Malinga finishes with astonishing figures – a strike rate of 16.60, an economy of 7.07 and an average of 19.68. He was the first bowler to bag 100 T20I wickets before ending with 107 scalps. He finishes fourth in the highest wicket-taker category in the list behind Dwayne Bravo, Imran Tahir and Sunil Narine.

“Today is a very special day for me. I want to thank each one of you who have supported me throughout my T20 career. Today I have decided to give 100 per cent rest to my T20 bowling shoes,” he said. “I want to thank Sri Lanka cricket board, Mumbai Indians, Melbourne Stars, Kent Cricket Club, Rangpur Riders, Guyana Warriors, Maratha Warriors and Montreal Tigers. I now want to share my experience with young cricketers who want to play franchise cricket and for their national team.
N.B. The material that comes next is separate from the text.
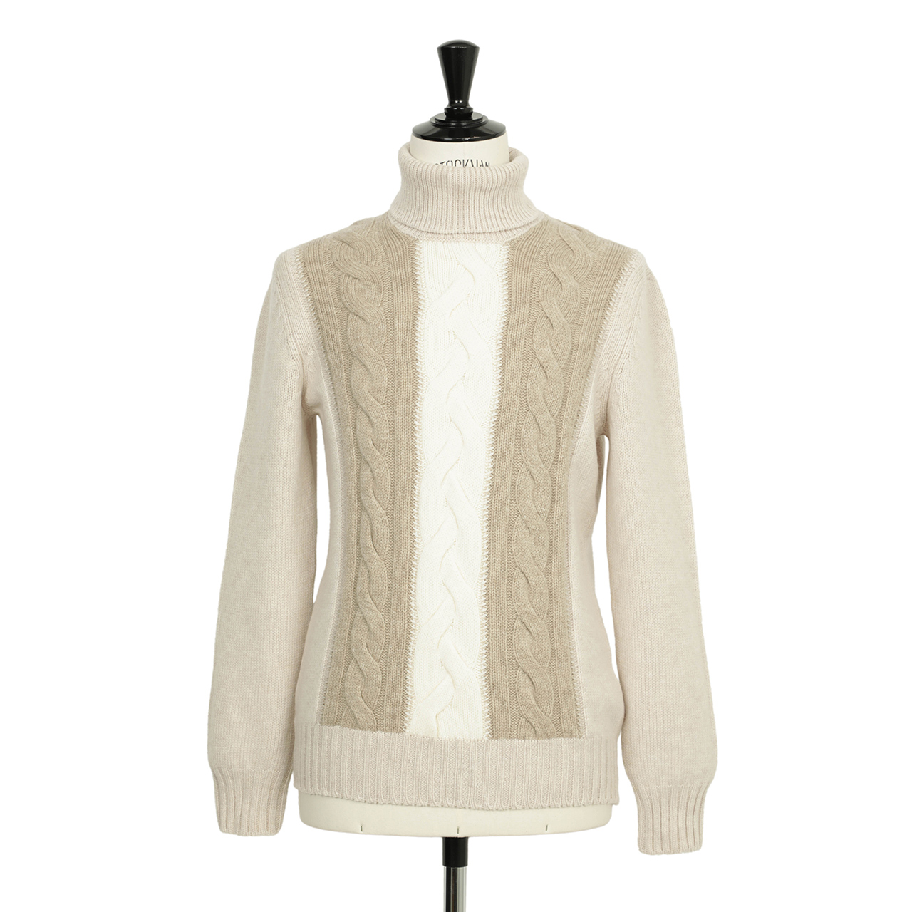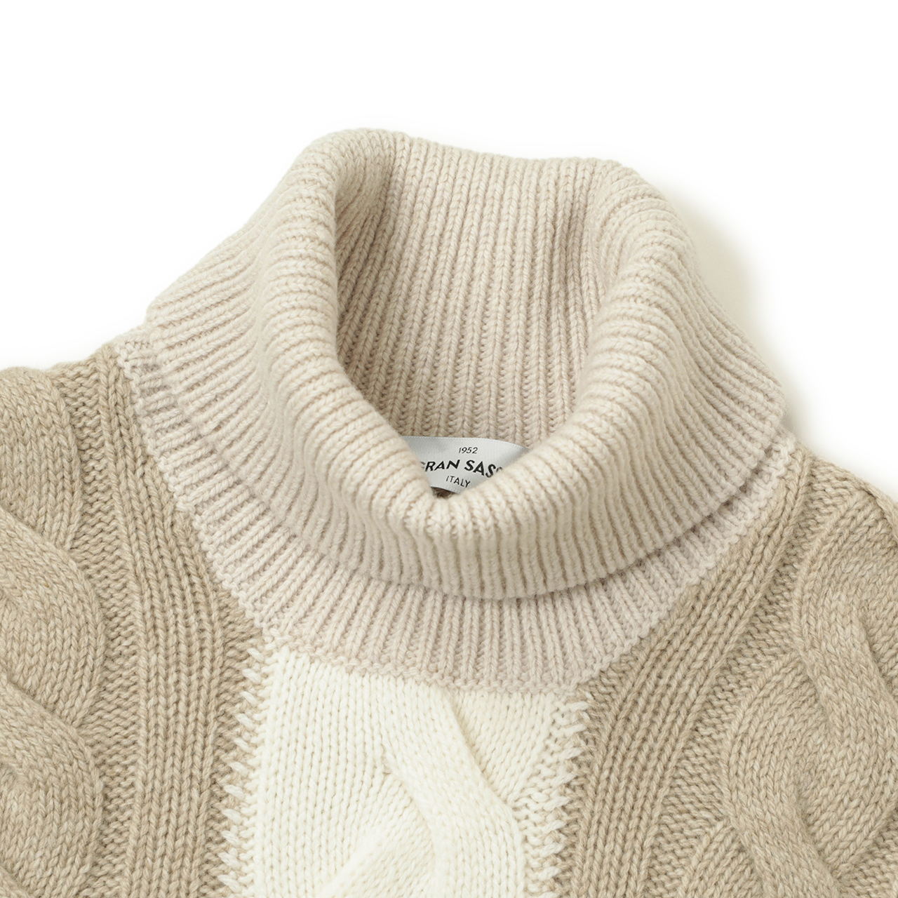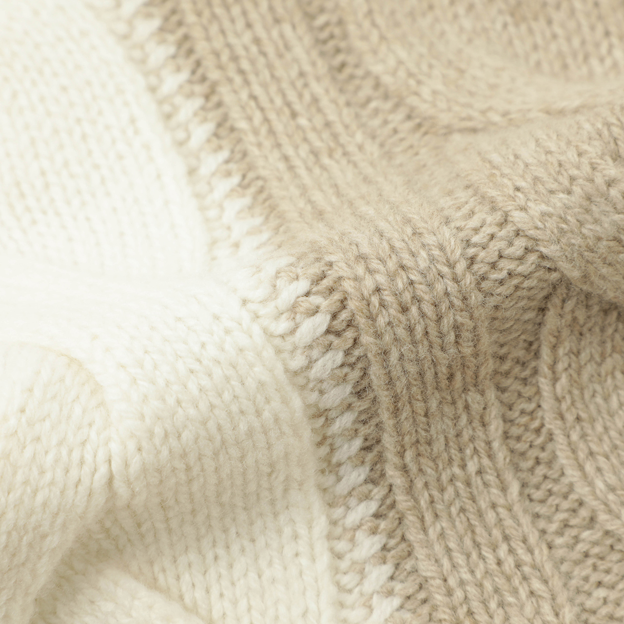 ミドルゲージのケーブルニット。文面だけでみれば定番のアイテムですが、一ひねり加えているのがこちら。ベージュのボディをベースとしながら、前身頃をホワイトとモカ系のブラウンカラーで切り替え、同時にケーブルのピッチも変えることで、デザインにアクセントを加えています。

“While my shoes rest, my love for the game will never ask for rest. Looking forward to seeing our youngsters make history.”

Malinga, one of the best T20 bowlers of all time, was a crucial figure in the teams he represented in Indian Premier League, Big Bash League, Caribbean Premier League, and other franchise tournaments. He was part of four of the five IPL championship wins with Mumbai Indians but had opted out of the 2020 tournament.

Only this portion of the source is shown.